These human rights violations occur in part because there is little mutual understanding between human rights groups and the military. The Colombian military has long felt animosity toward Colombian non-governmental organizations, which they associate with leftist groups, and believes that human rights NGOs weaponize media and technology to unfairly scapegoat the military for the two-sided civil war. This mutual animosity has led to decades of human rights violations, as both groups vilify the other and justify violence against the opposite party.

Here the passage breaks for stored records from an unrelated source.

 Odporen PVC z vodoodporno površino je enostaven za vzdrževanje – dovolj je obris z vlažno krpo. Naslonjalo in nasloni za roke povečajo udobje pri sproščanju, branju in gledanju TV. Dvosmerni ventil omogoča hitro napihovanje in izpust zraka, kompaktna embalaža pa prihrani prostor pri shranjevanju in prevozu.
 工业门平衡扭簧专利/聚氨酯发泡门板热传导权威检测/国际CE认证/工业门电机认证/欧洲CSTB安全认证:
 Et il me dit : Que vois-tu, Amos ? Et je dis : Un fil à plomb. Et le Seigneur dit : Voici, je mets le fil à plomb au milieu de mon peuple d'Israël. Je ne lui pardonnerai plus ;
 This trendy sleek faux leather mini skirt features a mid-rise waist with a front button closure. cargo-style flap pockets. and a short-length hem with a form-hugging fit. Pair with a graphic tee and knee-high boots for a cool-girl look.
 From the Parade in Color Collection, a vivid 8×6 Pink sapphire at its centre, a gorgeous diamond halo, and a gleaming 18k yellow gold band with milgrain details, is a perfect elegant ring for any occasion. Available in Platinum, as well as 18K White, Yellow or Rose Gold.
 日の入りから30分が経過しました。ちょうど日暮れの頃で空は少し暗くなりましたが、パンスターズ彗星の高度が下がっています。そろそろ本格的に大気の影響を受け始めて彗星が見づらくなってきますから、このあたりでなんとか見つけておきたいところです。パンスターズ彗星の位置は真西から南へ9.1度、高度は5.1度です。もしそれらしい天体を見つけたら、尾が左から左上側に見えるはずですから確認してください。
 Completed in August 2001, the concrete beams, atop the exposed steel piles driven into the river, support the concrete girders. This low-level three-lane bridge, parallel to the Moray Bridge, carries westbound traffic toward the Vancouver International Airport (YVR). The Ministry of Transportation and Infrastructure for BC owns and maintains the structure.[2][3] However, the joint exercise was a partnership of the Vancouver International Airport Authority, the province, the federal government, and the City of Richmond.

In her 2007 book “Counting the Dead,” Winifred Tate interviewed human rights activists and military officers in an effort to catalog their respective motives and ideals. In her chapter “Solidarity with Our Class Brothers,” Tate argues that the human rights frameworks utilized by early Colombian NGOs were based on class solidarity and integrated into leftist teachings. The first Colombian NGOs stemmed from left-wing guerrilla groups during the 1960s and ‘70s and were organized by “militantes” who, despite their radical titles, participated in a variety of grassroots services including social and political work, education and political propaganda. In interviews, left-wing leaders explained to Tate that their actions were motivated not by hatred of the military, but rather by leftist teachings regarding class solidarity, or “sharing what I have with my class brother.” Despite these motives, the officers whom Tate interviewed overwhelmingly spoke of a “politically motivated war against them” waged by leftist human rights groups. In response, the Colombian military has worked to incorporate human rights rhetoric into military doctrine in an attempt to portray itself as a victim — rather than a perpetrator — of human rights abuses.

The prevalence of these beliefs indicate that military officers misunderstand the true motives of human rights NGOs. Colombian leftists motivated by class solidarity would likely empathize with many military officers’ predicaments, as many officers come from working-class backgrounds and would therefore be considered their “class brothers,” according to Tate. If the military understood human rights NGOs’ motives, tension between these groups would diminish. As the aftermath of the FARC peace treaty has demonstrated, legal agreements alone will not prevent civil violence in Colombia. Dialogue is necessary for both parties to empathize with one another, as empathy and solidarity — rather than toothless legal treaties — are what will lead to peace between the Colombian military and left-wing activists.